La dystopie version glamour ?

J’ai un problème d’addiction… aux livres. Aller dans une librairie est toujours un grave danger pour mes finances, je ne me contrôle pas, je dépense, dépense, dépense. Et je furète, beaucoup. Le week-end dernier, je erre donc dans les rayons d’un Cultura et je découvre un rayon dystopie. Extatique, je m’y précipite et que vois-je ? Ils ont confondu avec les Harlequin ou quoi ? Non, bienvenue dans la dystopie version glamour.

dystopie version glamour

Réflexe n°1 : non mais vous êtes sérieux ? La dystopie, c’est un sujet grave, politique, l’auteur dénonce les dérives de notre monde actuel en grossissant les traits les plus préoccupants pour en faire les règles générales d’un monde où il ne fait plus bon vivre. C’est 1984, c’est Farenheit 451, c’est Le meilleur des mondes, c’est Barjavel, Metropolis ou Terminator ou Mad Max. C’est censé délivrer un avertissement, nous faire réfléchir… Pas faire soupirer les jeunes adolescentes en fleur le soir dans leur lit.

adolescente amoureuse

Mais j’ai un peu poussé la réflexion. Je n’ai pas vu Hunger Games et j’ai juste vu les deux premiers épisodes de Divergente, dystopie que je trouve assez navrante dans son traitement alors que je trouvais le principe de départ de leur société très intéressant mais je n’ai pas lu les bouquins donc bon… Je ne les ai pas tous vus, donc, mais je sais néanmoins une chose : les deux héroïnes sont ultra badass. Elles sont puissantes, sans peur, elles se battent et provoquent une révolution. Alors oui, ok, elles tombent amoureuses maiiiiiiiiiiis elles ne deviennent plus dès lors le simple love interest du héros principal, elle garde leur force et leur indépendance.

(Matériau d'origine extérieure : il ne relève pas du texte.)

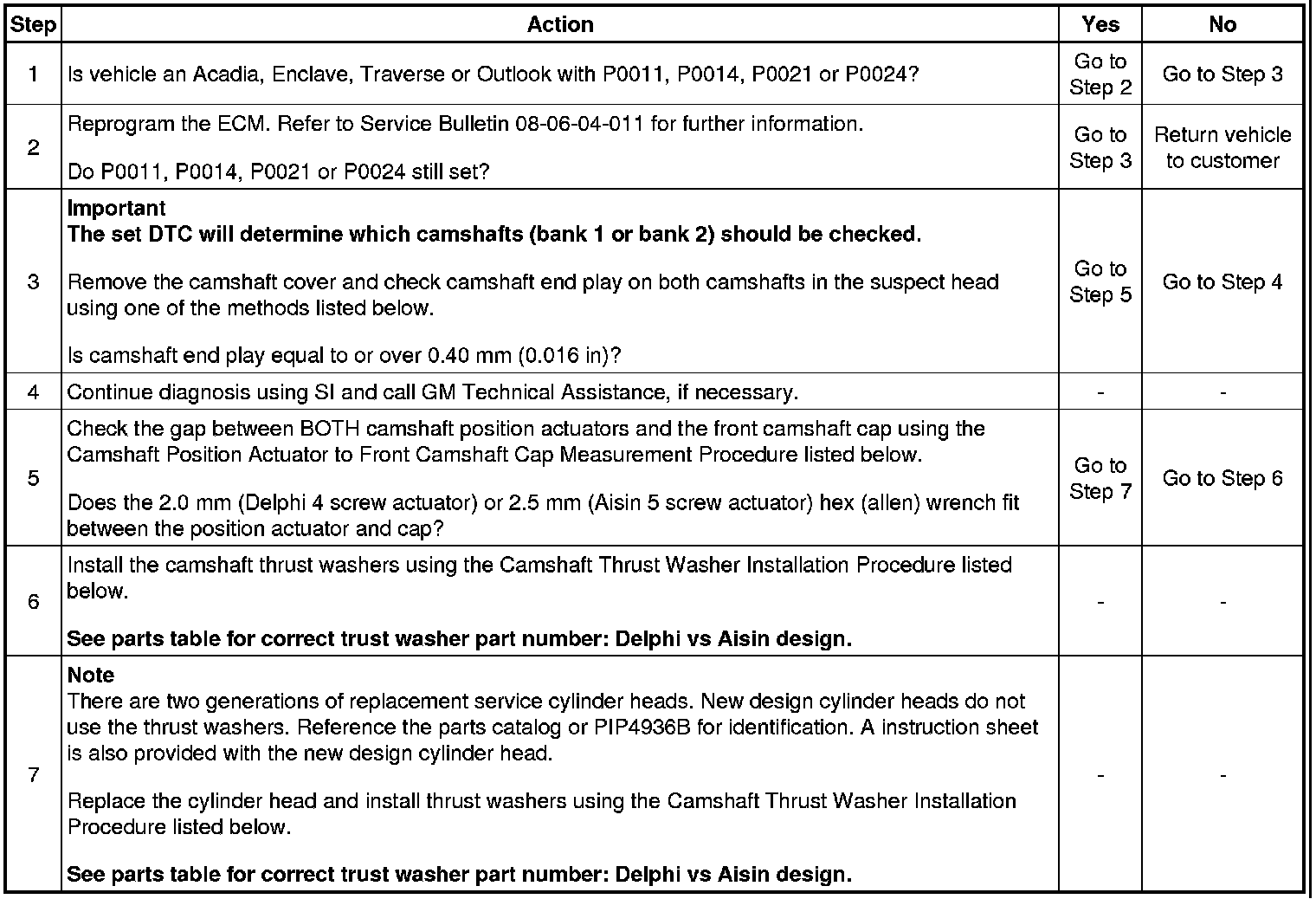 4. If the wrench fits between the camshaft position actuator and the front camshaft cap, it will be necessary to replace the cylinder head assembly and replace both actuators. It is not necessary to replace the camshaft position actuators on the cylinder head that is not being replaced. WHEN REPLACING THE CYLINDER HEAD, ALSO INSTALL A THRUST WASHER BETWEEN EACH CAMSHAFT POSITION ACTUATOR AND THE FRONT CAMSHAFT CAP. See parts table for correct trust washer part number: Delphi vs Aisin design.

Et je pourrais même rajouter que dans Divergente, on est clairement dans un univers de femme puisque le leader de ce monde là est clairement une leadeuse en la personne de Kate Winslet.

Kate Winslet dans Divergente

Et du coup, je nuance mon jugement. Parce que ouais, ces couvertures me font mal aux yeux et je ne parviens pas à y projeter quoi que ce soit de dystopique mais si ça peut apprendre aux jeunes filles à pas se laisser faire et se battre pour leurs idéaux plutôt que de s’aplatir devant un pervers narcissique qui prend un plaisir pervers à les piétiner “mais c’est pas sa faute, il a eu une enfance difficile” (oui ok mais rappel : t’es pas sa psy. Barre-toi de là). Si on peut les soustraire du traditionnel “rabaisse-toi parce que l’amour fait souffrir”, je ne peux finalement qu’applaudir la démarche.

Katniss dans Hunger Games

Et j’ai donc décidé de me lancer dans la lecture de l’un d’entre eux (mais j’ai pas choisi lequel). Je prends toutes les suggestions.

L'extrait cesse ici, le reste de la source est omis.